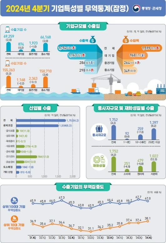 지난해 4분기 수출액은 1752억 달러(4.2%), 수입액은 1599억 달러(0.9%)로 증가했다. 대기업(1163억 달러, 5.0%)과 중소기업(298억 달러, 5.9%)은 증가했으나, 중견기업은 286억 달러로 0.5% 감소했다. 수입액은 대기업이 968억 달러로 1.3% 감소했지만, 중견기업은 264억 달러로 11.6% 증가했다. 중소기업은 보합세를 기록했다.
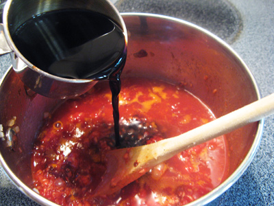 I set aside 1/2 cup of the sauce for the salad dressing and will place the remaining sauce on the stove to simmer. Stir often about 20 – 30 minutes.
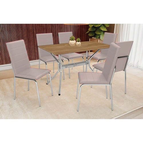 Sala de Jantar Completa Loire c/ Tampo de Madeira 160cm e 6 Cadeiras Amsterdã Cromada/Nude 16 - Kappesberg
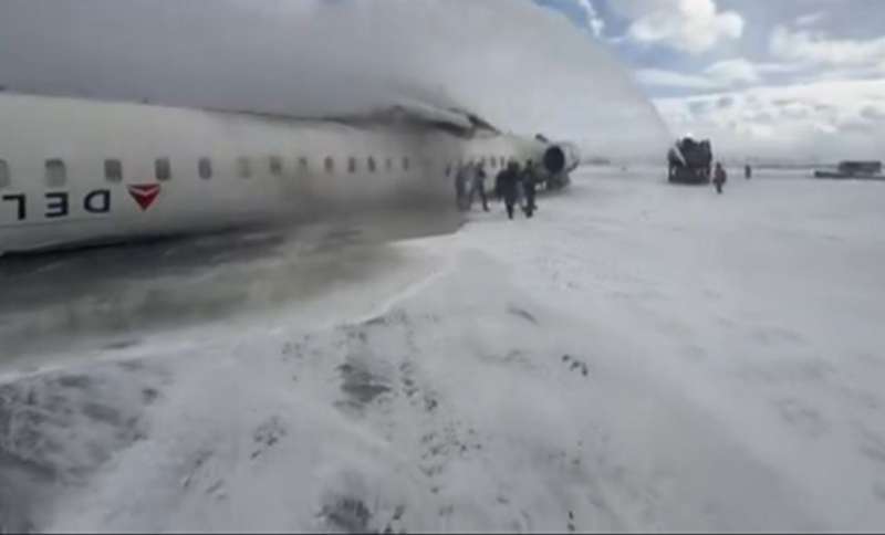 टोरंटो में डेल्टा एयरलाइंस का विमान क्रैश, लैंडिंग के दौरान पलटा

:::

◆ What the exercise asks
Begin at the line that contains "Sala de Jantar" and transcribe exactly, and only, each line through the final line of the data above, both included; the pictures do not go in.

◆ Response to the task
 Sala de Jantar Completa Loire c/ Tampo de Madeira 160cm e 6 Cadeiras Amsterdã Cromada/Nude 16 - Kappesberg
 टोरंटो में डेल्टा एयरलाइंस का विमान क्रैश, लैंडिंग के दौरान पलटा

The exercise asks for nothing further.